Diagnosis of anencephaly, encephalocele, craniosynostosis, and brain malformations, such as porencephaly, can be made on the basis of US findings. Fetuses with hydrocephalus or meningomyelocele should be evaluated for chromosomal abnormalities or anatomic defects in the cardiac, renal, and skeletal systems. Associated defects are present in 90-95% of cases.
Fetal chest abnormalities
Pulmonary hypoplasia, pleural effusions, cystic adenomatoid malformations, sequestration, and bronchogenic cysts are all pulmonary lesions that can be diagnosed on the basis of ultrasonographic findings.
Diagnosis of CDH is based on the presence of bowel or liver in the thorax with the accompanying blood supply, mediastinal shift, and pulmonary hypoplasia.

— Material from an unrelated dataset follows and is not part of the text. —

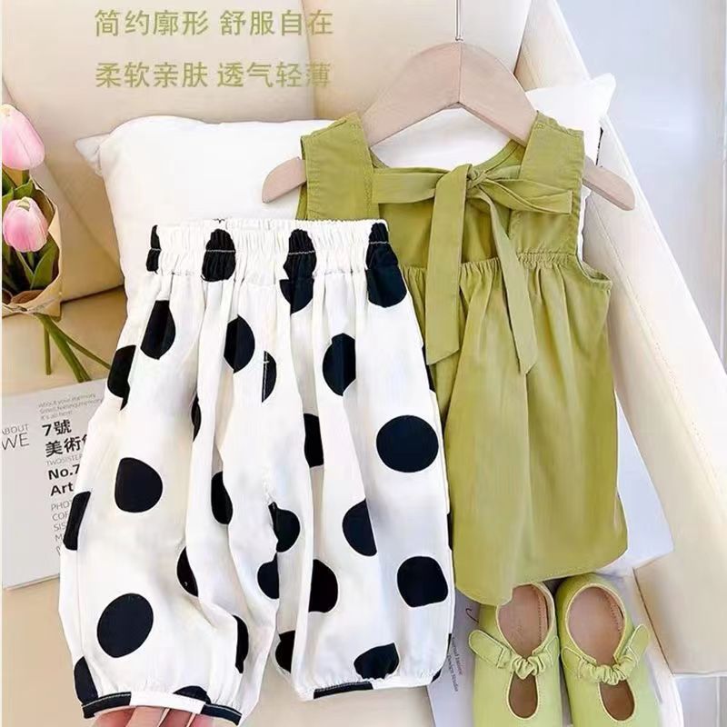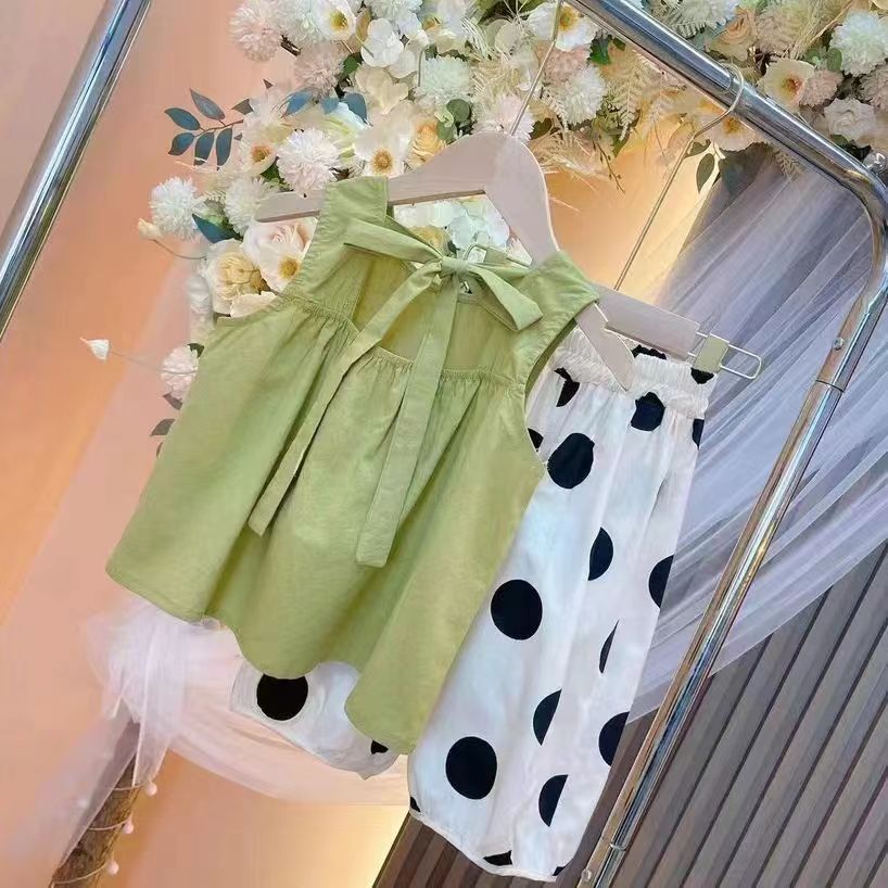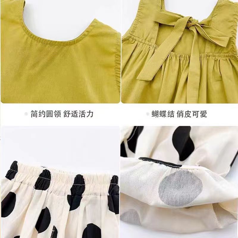 소녀 여름 새 아동복 2024 아기 소녀의 세트 조끼 민소매 옷 폴라 도트 블루머의 투피스 세트

Polyhydramnios may be present. After the diagnosis, serial US should be performed to monitor fetal growth and hydramnios and to evaluate for cardiac anomalies. Workup may include ultrafast magnetic resonance imaging (MRI), echocardiography, and karyotyping with amniocentesis to exclude associated anomalies. Hydrops is a predictor of a poor outcome.

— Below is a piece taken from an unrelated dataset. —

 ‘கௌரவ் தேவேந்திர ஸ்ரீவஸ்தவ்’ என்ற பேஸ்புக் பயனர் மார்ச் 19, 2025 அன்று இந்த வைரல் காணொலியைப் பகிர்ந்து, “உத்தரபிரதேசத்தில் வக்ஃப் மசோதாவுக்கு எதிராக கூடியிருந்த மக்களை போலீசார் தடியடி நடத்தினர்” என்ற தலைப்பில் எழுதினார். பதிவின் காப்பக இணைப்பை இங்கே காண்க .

Fetal cardiac abnormalities
Detailed cardiac US is indicated in fetuses with the following:
Other indications for cardiac echocardiography antenatally include the following:
M-mode echocardiography is used to measure chamber size, cardiac rhythm, pericardial effusions, and wall thickness and motion. Cross-sectional echocardiograms show the heart position and situs and the atrioventricular (AV) connections. Doppler echocardiograms show the direction and pattern of blood flow, and they can depict valvular regurgitation or stenotic lesions.
Prenatally diagnosed heart disease has been associated with reduced early neurologic morbidity in certain lesions, such as a hypoplastic left heart. Conversely, whereas a poorer prognosis was reported earlier in prenatal cohorts because more severe lesions are more likely to be detected, especially when they are associated with a structural or chromosomal defect.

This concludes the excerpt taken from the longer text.